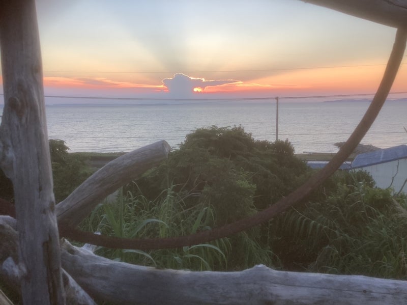 さつまいも🍠など グッタリしてます。 ゆずりはの森の夕日が輝いてます。
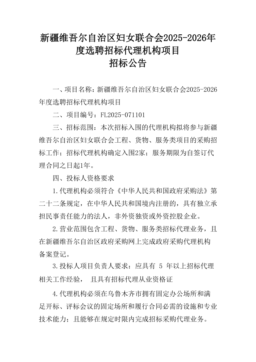 新疆维吾尔自治区妇女联合会2025-2026年度选聘招标代理机构项目招标公告
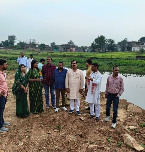 भाथुपारा तालाब का अस्तित्व संकट में, अवैध कब्जे की शिकायत पर निरीक्षण करने पहुंची महापौर
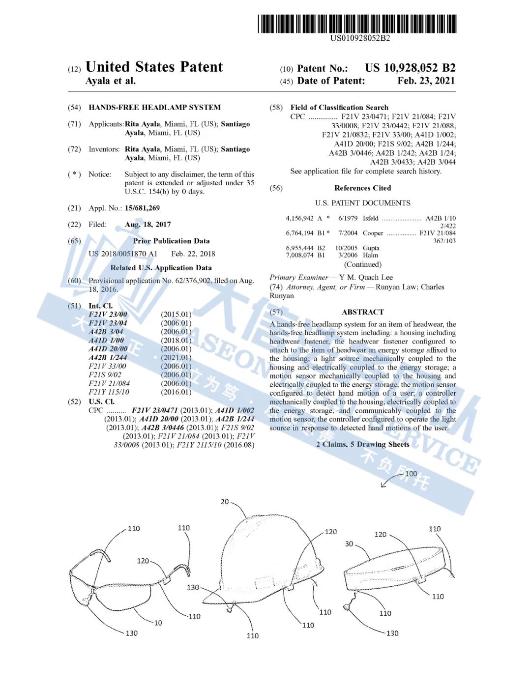 此案为专利维权,目前案件信息还处于密封状态,但经查询,原告在24就曾针对专利号为:10928052的免提头灯发起过维权,并于2021年2月23日下证,以下是涉及专利的具体信息,未经授权不得擅自使用,侵权风险极高,跨境卖家尽快检索下架,避免TRO侵权风险!
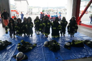消防車両で写真を撮ったり、消防車に乗のったり、防護服を着たり煙体験をしたりと様々な体験を取り組んでいました。
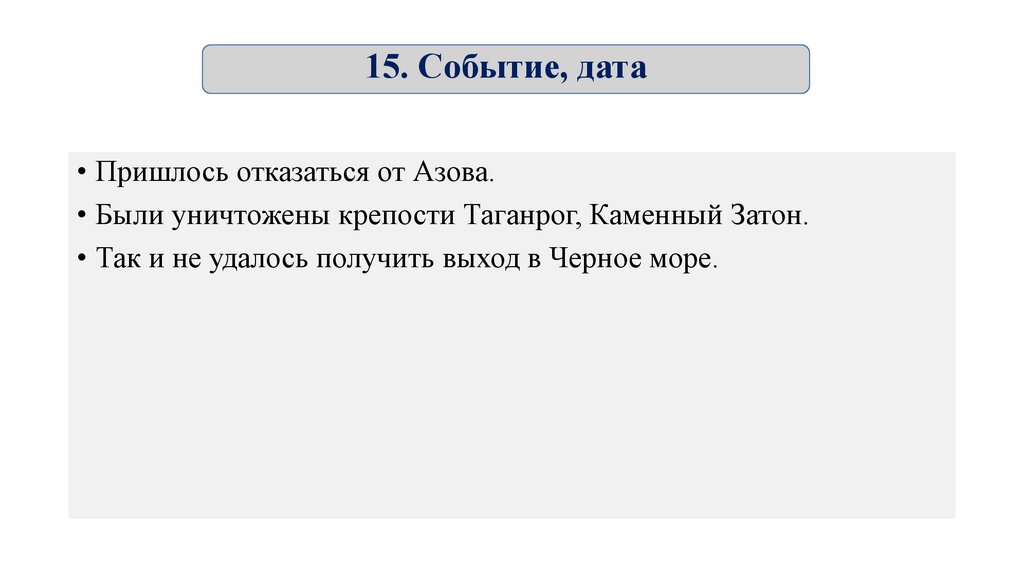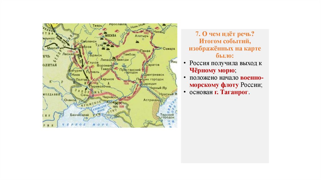 • Были уничтожены крепости Таганрог, Каменный Затон.
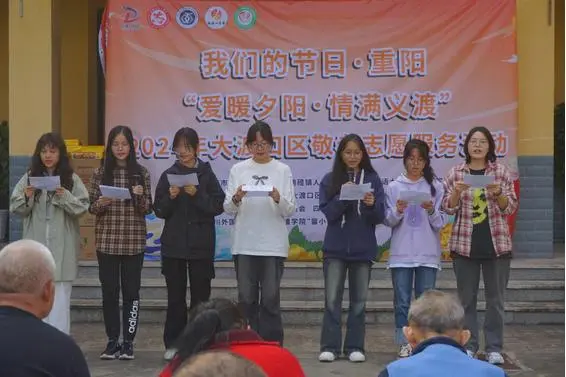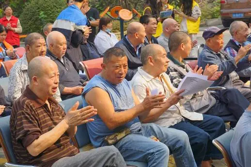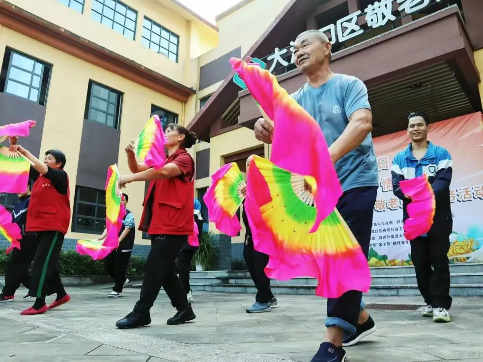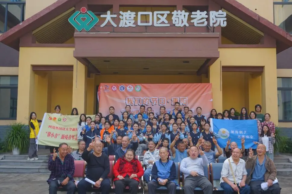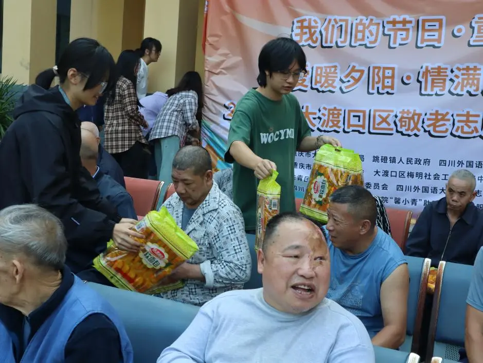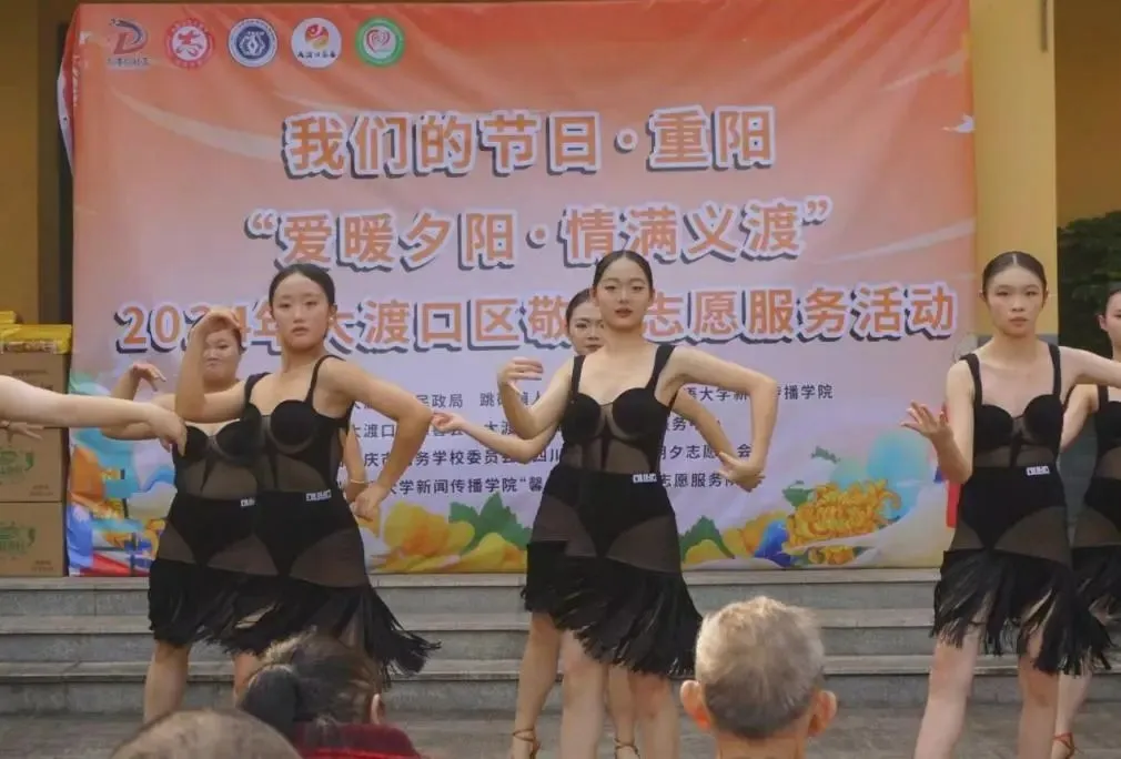 重庆商务公司的志愿者们以热烈奔放、充满韵律感的拉丁舞,瞬间点燃全场气氛,赢得掌声喝彩。川外朝夕志愿协会志愿者们朗诵的诗歌《中国红》,铿锵有力、声情并茂、令人动容。为了强化老人们的参与感,老员工们还来到老人身边,一字一句地教他们读起诗来。
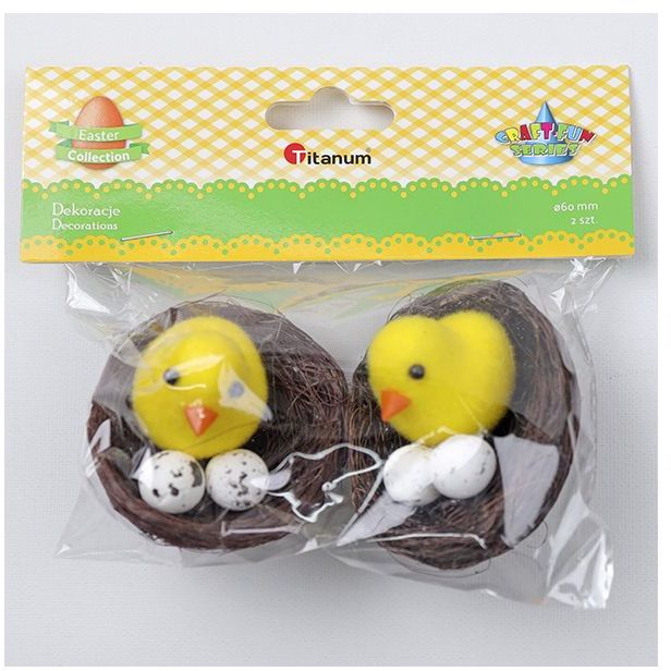 Kury flokowane ¿ó³te z 2 styropianowymi nakrapianymi jajkami w br±zowym gniazdku 4szt. TITWLK26

▶ **WHAT IS BEING ASKED**
Return the listing above word for word, with the pictures removed.

▶ **ANSWER TO THIS PROBLEM**
 さつまいも🍠など グッタリしてます。 ゆずりはの森の夕日が輝いてます。
 新疆维吾尔自治区妇女联合会2025-2026年度选聘招标代理机构项目招标公告
 भाथुपारा तालाब का अस्तित्व संकट में, अवैध कब्जे की शिकायत पर निरीक्षण करने पहुंची महापौर
 此案为专利维权,目前案件信息还处于密封状态,但经查询,原告在24就曾针对专利号为:10928052的免提头灯发起过维权,并于2021年2月23日下证,以下是涉及专利的具体信息,未经授权不得擅自使用,侵权风险极高,跨境卖家尽快检索下架,避免TRO侵权风险!
消防車両で写真を撮ったり、消防車に乗のったり、防護服を着たり煙体験をしたりと様々な体験を取り組んでいました。
 • Были уничтожены крепости Таганрог, Каменный Затон.
 重庆商务公司的志愿者们以热烈奔放、充满韵律感的拉丁舞,瞬间点燃全场气氛,赢得掌声喝彩。川外朝夕志愿协会志愿者们朗诵的诗歌《中国红》,铿锵有力、声情并茂、令人动容。为了强化老人们的参与感,老员工们还来到老人身边,一字一句地教他们读起诗来。
 Kury flokowane ¿ó³te z 2 styropianowymi nakrapianymi jajkami w br±zowym gniazdku 4szt. TITWLK26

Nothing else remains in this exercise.